No Home Like Place

Moving is such a hassle. You have to pack everything up, make all sorts of inconvenient arrangements, and unforeseen problems are likely to arise along the way. Even after the move is complete and you’ve settled into the new place, it takes a while before it really starts to feel like home.

And then, just when you think you’re finally getting comfortable, someone goes and eats a turkey dinner on the logo on your lawn.

Such is the plight faced by the San Francisco 49ers this season. Levi’s Stadium was supposed to be the answer to all their dreams; instead, while it hasn’t sank to the level of a nightmare, the new stadium has certainly caused some people to lose a lot of sleep.

People here in the Bay Area are convinced that the new stadium’s deficiencies are a big part of what has gone wrong with the 49ers this season. High ticket prices have pushed out the diehard fans; instead, the Santa Clara crowds consist of easily distracted rich people who abandon their seats by the middle of the second quarter to go schmoozing in the stadium’s bars and restaurants. The reduced crowds mean little to no noise from the stands, and thus less of a home field advantage for the Niners. There have even been  reports circulating that different groups within the team are dressing for games in different locker rooms, some in the stadium room, others at the team’s nearby practice facility–a fragmented scene that seems to mirror the organization’s current chaos.

None of this reflects well on the team, to be sure. And a growing chorus within the local media has characterized Levi’s Stadium as a boondoggle that will be an albatross around the team’s neck for the rest of time. The otherwise estimable Damon Bruce of 95.7 The Game–clearly the best sports talk host in Bay Area radio–has mused that Levi’s Stadium should be torn down and the team moved back to San Francisco. (He is also the one who has taken to calling the facility “Turkey-on-the-Logo Stadium,” a deserved piece of ridicule that sprung from the Thanksgiving night debacle.) Others media observers, while not as radical in their criticism, have also declared that the 49ers can’t win in their new home–and many fans are echoing that sentiment.

There’s nothing new in all this. Often, when a sports team–particularly a successful sports team–moves into a new facility, the early reviews are negative, and if the team struggles at the outset, pronouncements of doom soon follow. But those judgments are rarely borne out by time.

When the Bulls and Blackhawks moved into the United Center, there was much kvetching about losing the ambiance of the old Chicago Stadium–particularly “The Roar” that the old barn was famous for. It didn’t help that the Bulls opened the new arena without Michael Jordan–off playing baseball–and the Blackhawks, like the rest of the NHL, were mired in a work stoppage. Funny how things turned around when Jordan came back and proceeded to lead the Bulls to three more championships–two of which were clinched in the United Center. And the Blackhawks?

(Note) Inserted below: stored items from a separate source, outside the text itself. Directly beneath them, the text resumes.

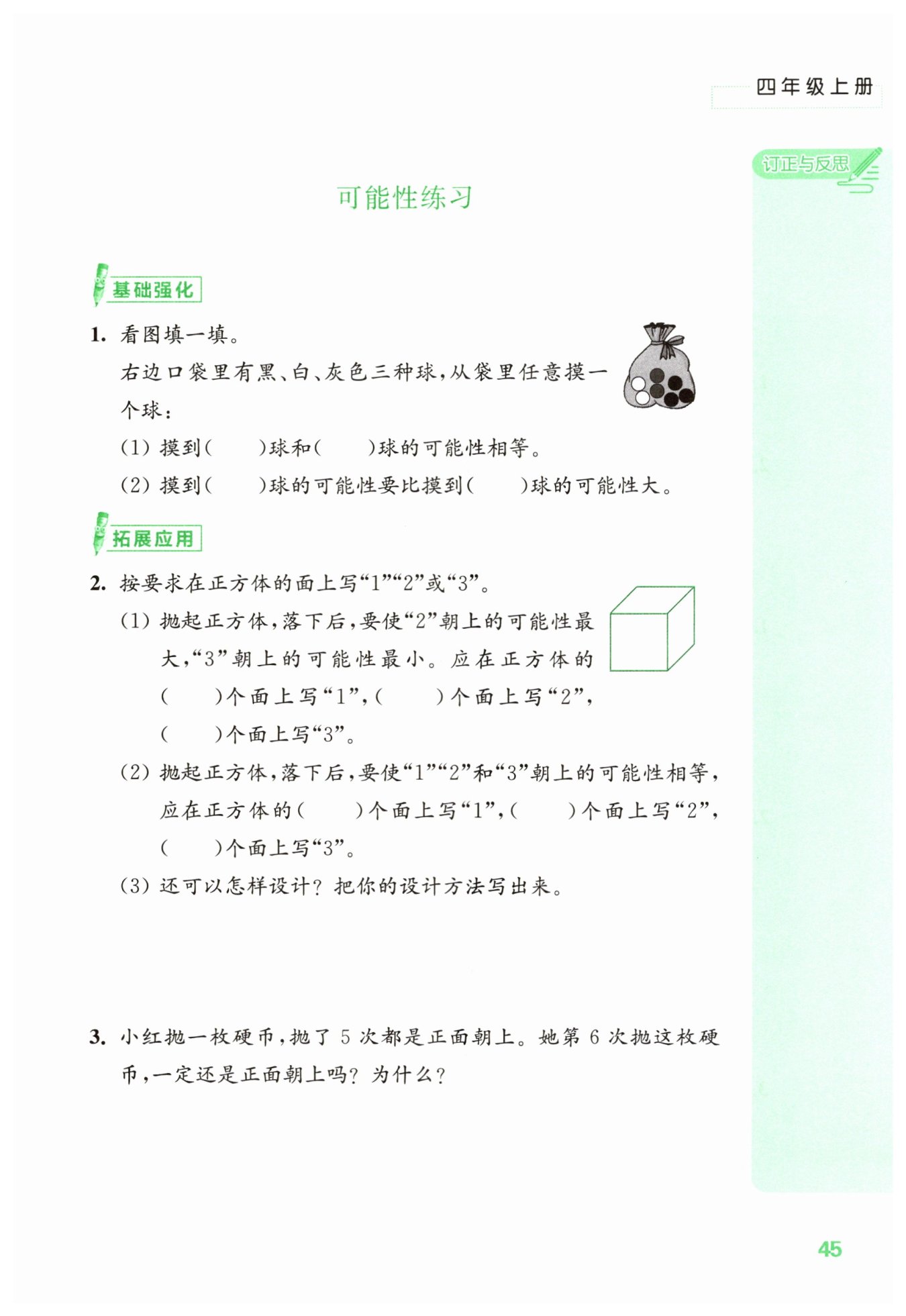 答:拋起正方體,落下后,要使“3”朝上的可能性最大,“2”朝上的可能性最小,應(yīng)在正方體的2個(gè)面上寫“1”,1個(gè)面上寫“2”,3個(gè)面上寫“3”。
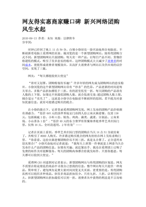 網友得實惠商家賺口碑 新興網絡團購風生水起(6.68KB)
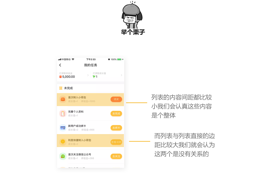 相似性原理在UI界设计中我们会经常用到,在设计前期都会定制设计规范:比如不同的图标但是图标的大小都是一样的都是48px这就是形状相似性,文字有第一层级32px第二层级28px等大小相似性区分层级完美的体现了大小相似性。可以利用相似原则组织好界面中的信息和层级关系
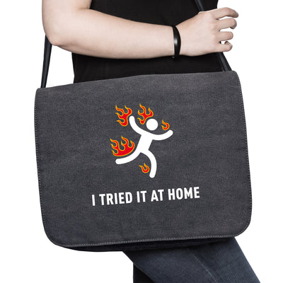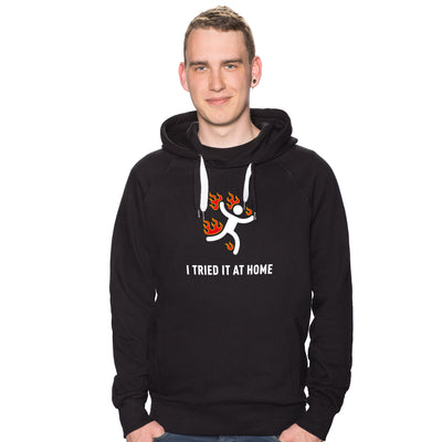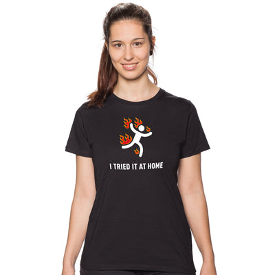 Y lo de intentarlo... bueno, mira tú mismo: La camiseta "Lo intenté en casa" te muestra de manera bastante drástica lo que puede pasar si intentas experimentos de la televisión o de Internet: podrías prenderte fuego espontáneamente y luego correr gritando por ahí. Pero hablando en serio: por favor, ten cuidado de no herirte al experimentar en casa. 5 minutos de fama en Internet no valen la pena poner en riesgo tu vida y tu integridad física. :)

Well, it took them a while to get rolling, but ultimately they’ve won two Stanley Cups playing at the United Center–two more than they did in the last three decades they spent playing in the old Stadium.

Other teams have had travails after a move. Remember when the New York Giants moved out of Yankee Stadium and into the Meadowlands? Do you know what was the most famous play in the history of Giants Stadium?

I’ll give you a hint: the Giants didn’t win that game.

I’ll give you an even bigger hint: I’m originally from Philadelphia.

Yes, that’s right: the Miracle of the Meadowlands!

The fumbled snap, Herm Edwards scooping up the ball and running in for the winning touchdown. Until the Giants started winning Super Bowls, that was pretty much all anyone remembered about Giants Stadium. Their Meadowlands house wasn’t much of a home field advantage place when it opened, because the Giants were a bad team. Once again, winning cured everything.

Candlestick Park wasn’t much of a home field advantage until Joe Montana, Dwight Clark and Ronnie Lott came along and made it so. The Catch, Jerry Rice’s heroics, Steve Young’s famous run against the Vikings–no such memories have been made yet in Levi’s Stadium. The place hasn’t been around long enough to gain any ghosts, and the only thing that will change that is time. Time, that is, and a winning football team–which is not what the 49ers have right now. They’ll be fine–eventually. It’s just not going to happen today.

What we see today in San Francisco is what happens when you forget–or ignore–history: you start making a lot of pronouncements that will make you look foolish in short order…if anyone remembers what you said in the first place. And they probably won’t. Such is the nature of sports, and sports media in particular: it’s all fleeting, and you should take whatever you hear today with a grain of salt. Because tomorrow is another game, and only those who obsessively comb through the record books–or search YouTube–will ever pass this way again.